At dusk I wondered if the sergeant would keep his word. After a while I saw someone resembling him coming down our street, checking house numbers. When he saw me, he came up close and whispered, “I have to be very careful.” He quickly entered the school with me. When I introduced him to my family, he gave his name as Sergeant Sprengle. He begged us not to tell anyone he had come into our room. Then he told me that because of Krusche’s complaint, Schweikert had ordered my arrest. Krusche insisted I had practiced dentistry here, depriving him of his income. All this, of course, was a lie. Few Poles were conscious of dental care, and most were too poor to spare the money for it. Even after losing their natural teeth, they didn’t see the need to get false ones.

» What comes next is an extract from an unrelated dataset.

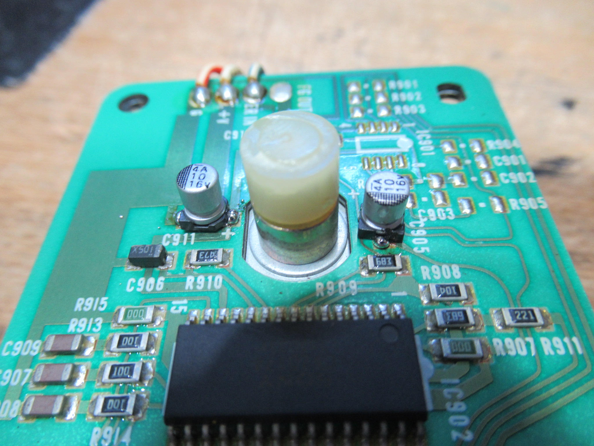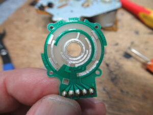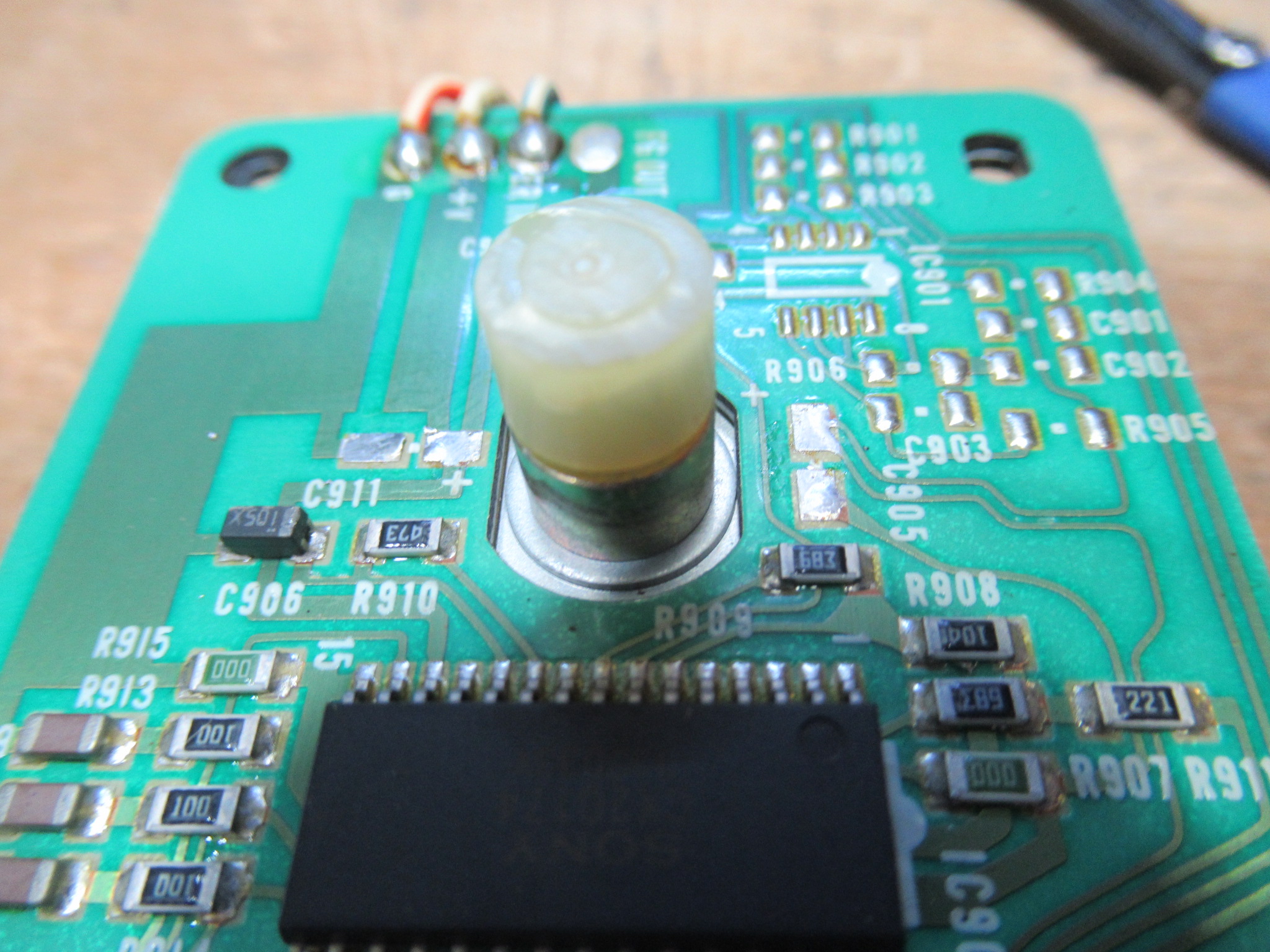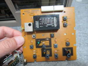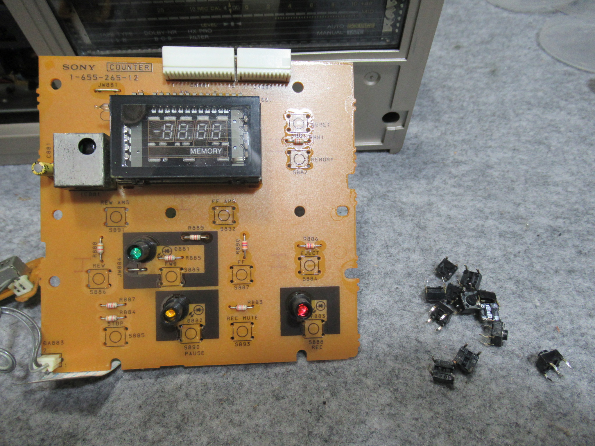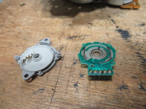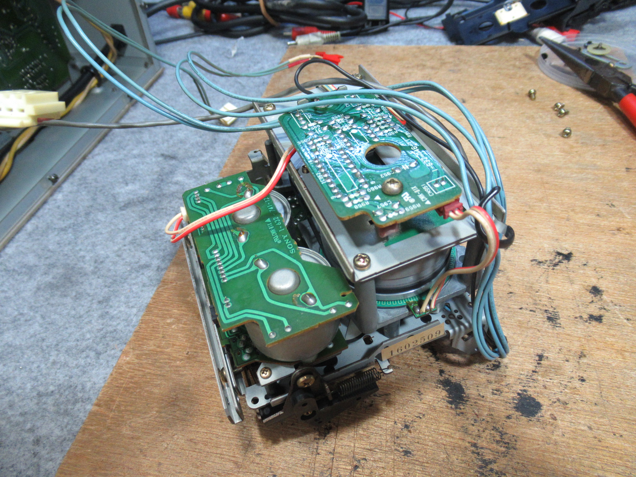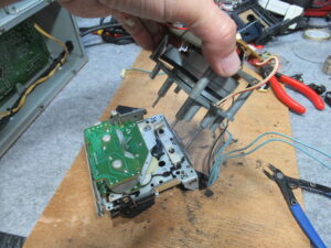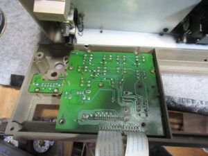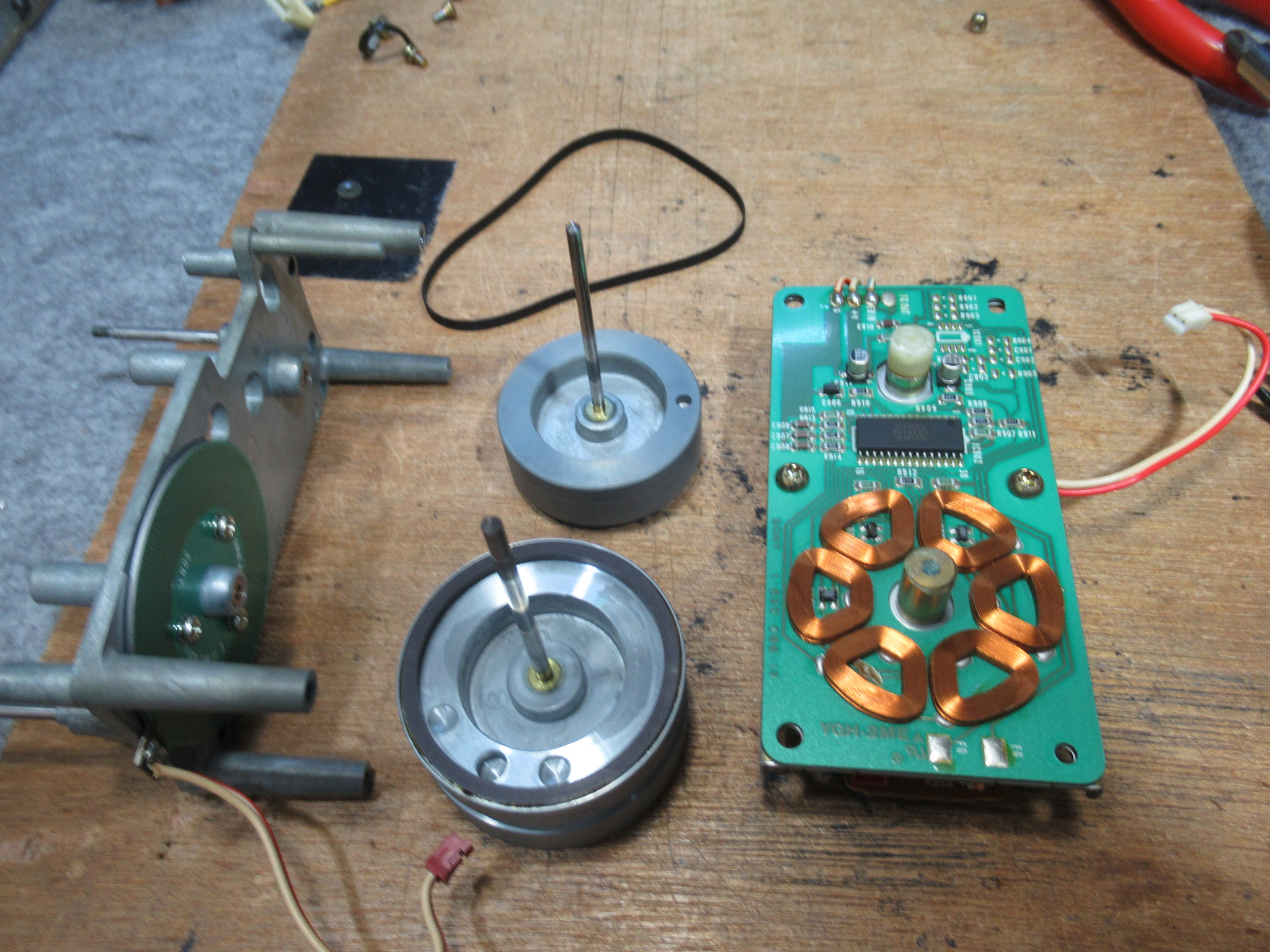 組み付け時に備えて、調整式になっている左側ピンチローラーアームの位置を測定します。標準的な位置から0.3mm程度とやや奥側に調整されていますが、10年前にメーカーサービスでヘッドを交換されたということですので、ヘッドとピンチローラーの位置はその時に再調整されたと考えられます。ピンチローラーの位置を変えると、ヘッドも調整が必要になりますので、組み付け時は元々の位置に調整します。

Before long Sergeant Sprengle developed a friendship with us and came to see us almost every day. At first we were cautious of him, but in time we learned to trust him. He seemed to lack the anti-Semitic venom that characterized most Nazis. One had to wonder about him as a member of a superior race. Sprengle was an odd young man. Of medium height, he had very short legs, almost to the point of abnormality. His typically German light hair was in a military crew cut that looked as stubby as a badger’s bristles. The tanned reddish skin over his square jawbones made his face look as if it were cut out of a redwood log. Seeing him, one couldn’t escape the thought that he might be trapped in a role that didn’t fit him.
Sometimes he brought us German newspapers. Of course they were full of the usual anti-Semitic propaganda, which portrayed us as devil-faced Lucifers and as disease-spreading, unsociable villains of society. Two things we never talked about were nazism and politics. The sergeant often warned us to leave. “We won’t do you much harm, but those who follow us will make your life very difficult,” he muttered.
When the Germans invaded France in May 1940, they made light of the Maginot Line, calling it a picket fence. A few days later we read that France had surrendered and Hitler had celebrated the victory in Paris. Shortly after that Sprengle’s company was transferred west. By then we were so fond of him that we genuinely missed him. Although he promised to write, we never heard from him again. As the first German troops were replaced with new ones, more discriminatory laws were piled on our backs. Jews had been barred from associating with any other race. The Aryans shall be spared the impurity of Jewish blood, the laws said.
By the summer of 1940 the vise around us tightened even more. The Nazis decided to clear Dobra’s slums and create a ghetto there. Some of the poor Jews who had lived there for years could only keep one room. They had to give the rest to other families. We had to move out of the school and were given a room with a dirt floor. We came to realize that even our cramped quarters had had advantages. By then our home was just a distant memory.
The ghetto rations were our only source of food, and hunger became the number one enemy. Butter, milk, sugar, and flour were almost never available. Even though we were ready to part with anything to win another day of life, those who came to trade with us, masquerading as do-gooders, did so mostly for personal gain. Because we had fewer and fewer tradable goods, in time the merchants stopped coming.